Study material -
★ ★ ★ ★

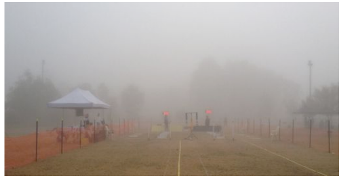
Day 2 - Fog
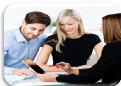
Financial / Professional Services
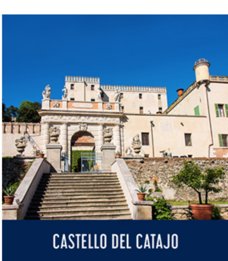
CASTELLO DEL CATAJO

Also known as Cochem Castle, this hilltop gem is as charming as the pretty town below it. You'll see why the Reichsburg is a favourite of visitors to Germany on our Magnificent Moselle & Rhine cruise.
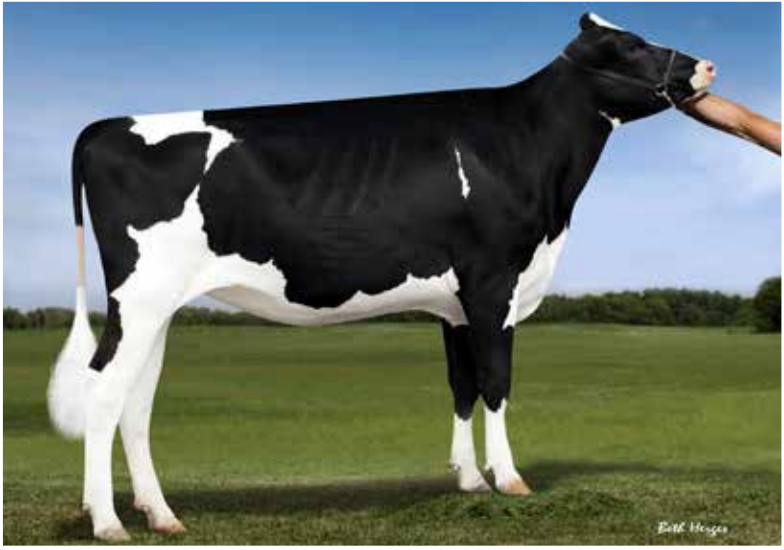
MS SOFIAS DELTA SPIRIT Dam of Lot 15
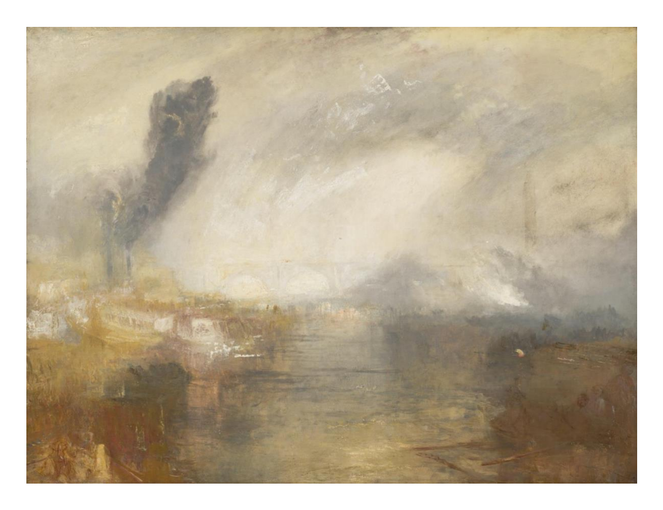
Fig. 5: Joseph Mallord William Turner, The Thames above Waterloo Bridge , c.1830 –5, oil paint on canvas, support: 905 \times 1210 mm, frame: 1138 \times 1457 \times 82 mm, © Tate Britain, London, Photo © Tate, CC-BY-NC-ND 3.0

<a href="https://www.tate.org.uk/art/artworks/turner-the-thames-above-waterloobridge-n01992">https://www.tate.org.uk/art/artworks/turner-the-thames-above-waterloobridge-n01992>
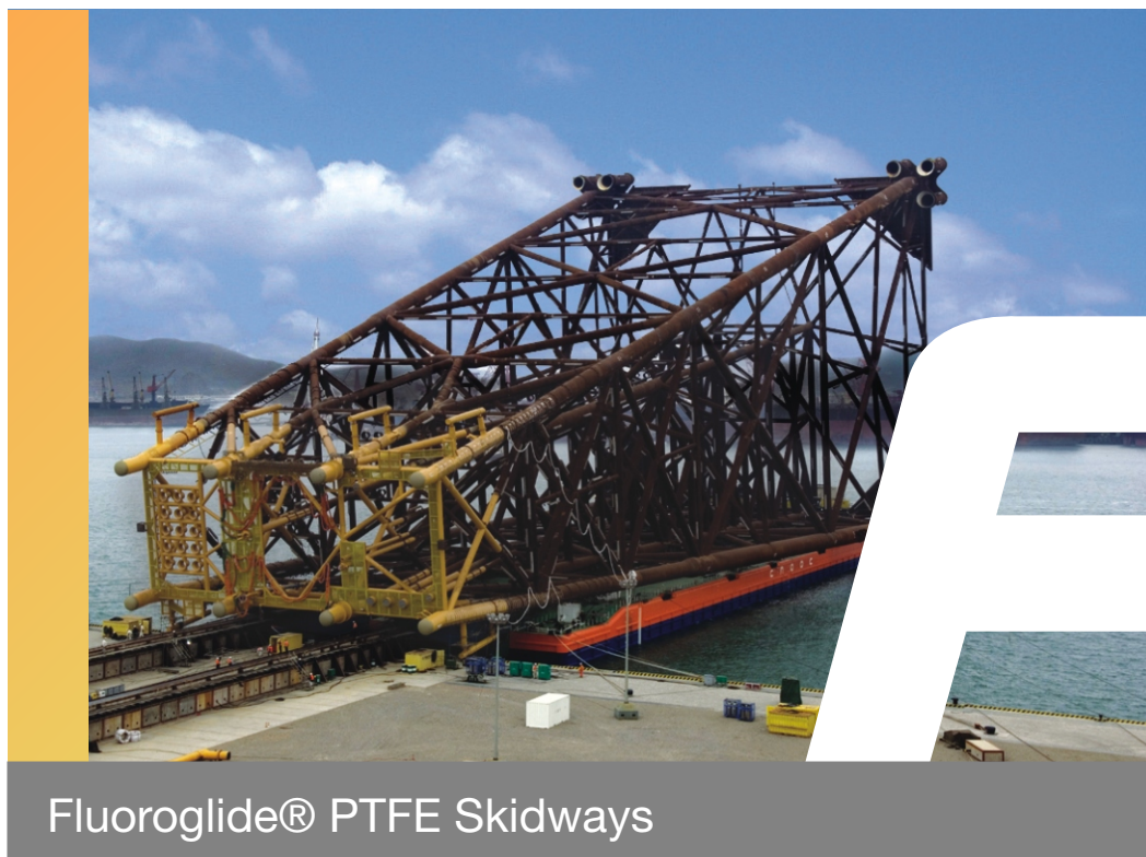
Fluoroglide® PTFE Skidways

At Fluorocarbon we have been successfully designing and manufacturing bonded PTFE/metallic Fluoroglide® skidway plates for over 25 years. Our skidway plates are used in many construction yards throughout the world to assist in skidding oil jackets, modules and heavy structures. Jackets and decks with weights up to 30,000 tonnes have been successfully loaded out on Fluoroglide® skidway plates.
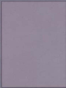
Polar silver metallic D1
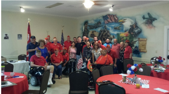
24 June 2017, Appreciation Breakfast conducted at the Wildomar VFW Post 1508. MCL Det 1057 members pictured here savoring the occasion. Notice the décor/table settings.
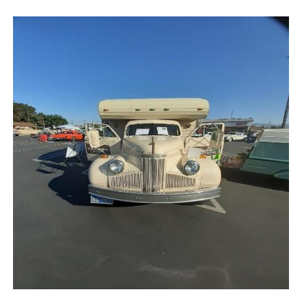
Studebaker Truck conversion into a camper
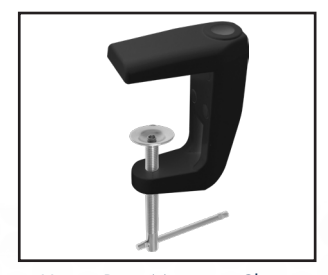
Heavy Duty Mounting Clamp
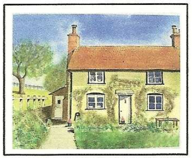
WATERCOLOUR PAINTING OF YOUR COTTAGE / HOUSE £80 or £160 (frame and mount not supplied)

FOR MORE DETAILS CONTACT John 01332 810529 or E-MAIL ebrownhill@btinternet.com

★ ★ ★ ★

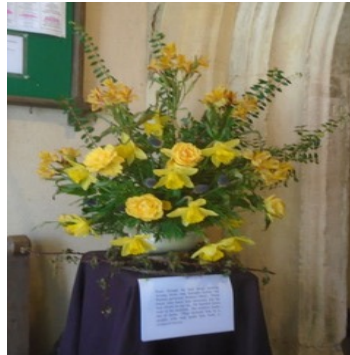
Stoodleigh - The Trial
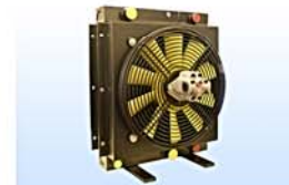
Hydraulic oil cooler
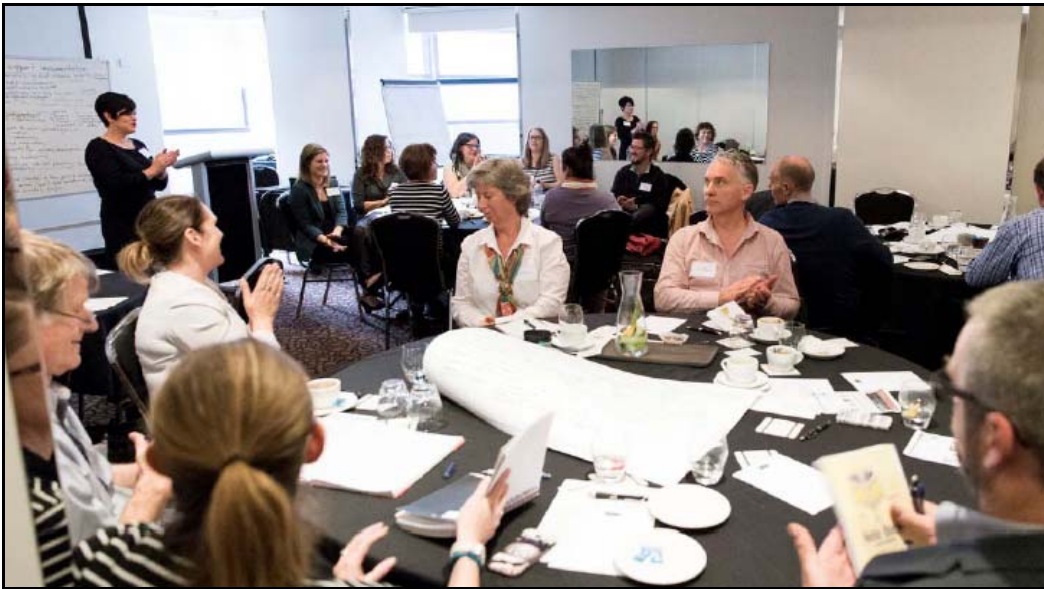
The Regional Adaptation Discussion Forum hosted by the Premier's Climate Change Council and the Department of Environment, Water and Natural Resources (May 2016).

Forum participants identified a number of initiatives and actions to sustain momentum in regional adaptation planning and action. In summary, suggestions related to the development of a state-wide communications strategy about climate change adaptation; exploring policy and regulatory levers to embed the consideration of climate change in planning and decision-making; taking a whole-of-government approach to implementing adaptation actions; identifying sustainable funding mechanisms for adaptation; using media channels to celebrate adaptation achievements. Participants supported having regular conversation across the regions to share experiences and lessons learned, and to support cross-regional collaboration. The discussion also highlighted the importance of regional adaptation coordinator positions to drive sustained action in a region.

★ ★ ★ ★

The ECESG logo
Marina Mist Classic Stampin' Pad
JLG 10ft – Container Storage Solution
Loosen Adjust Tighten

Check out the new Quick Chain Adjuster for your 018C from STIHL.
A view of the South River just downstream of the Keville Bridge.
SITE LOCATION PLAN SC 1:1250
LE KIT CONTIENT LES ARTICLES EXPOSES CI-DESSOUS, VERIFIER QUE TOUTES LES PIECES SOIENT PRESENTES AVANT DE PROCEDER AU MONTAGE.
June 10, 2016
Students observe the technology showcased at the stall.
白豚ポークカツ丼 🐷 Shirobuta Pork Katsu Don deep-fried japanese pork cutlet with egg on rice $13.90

★ ★ ★ ★

Among the entries above, locate the lines containing "Marina Mist Classic Stampin' Pad" and "白豚ポークカツ丼 🐷 Shirobuta", and transcribe exactly those two lines and all lines between.

Exercise solution -
Marina Mist Classic Stampin' Pad
JLG 10ft – Container Storage Solution
Loosen Adjust Tighten

Check out the new Quick Chain Adjuster for your 018C from STIHL.
A view of the South River just downstream of the Keville Bridge.
SITE LOCATION PLAN SC 1:1250
LE KIT CONTIENT LES ARTICLES EXPOSES CI-DESSOUS, VERIFIER QUE TOUTES LES PIECES SOIENT PRESENTES AVANT DE PROCEDER AU MONTAGE.
June 10, 2016
Students observe the technology showcased at the stall.
白豚ポークカツ丼 🐷 Shirobuta Pork Katsu Don deep-fried japanese pork cutlet with egg on rice $13.90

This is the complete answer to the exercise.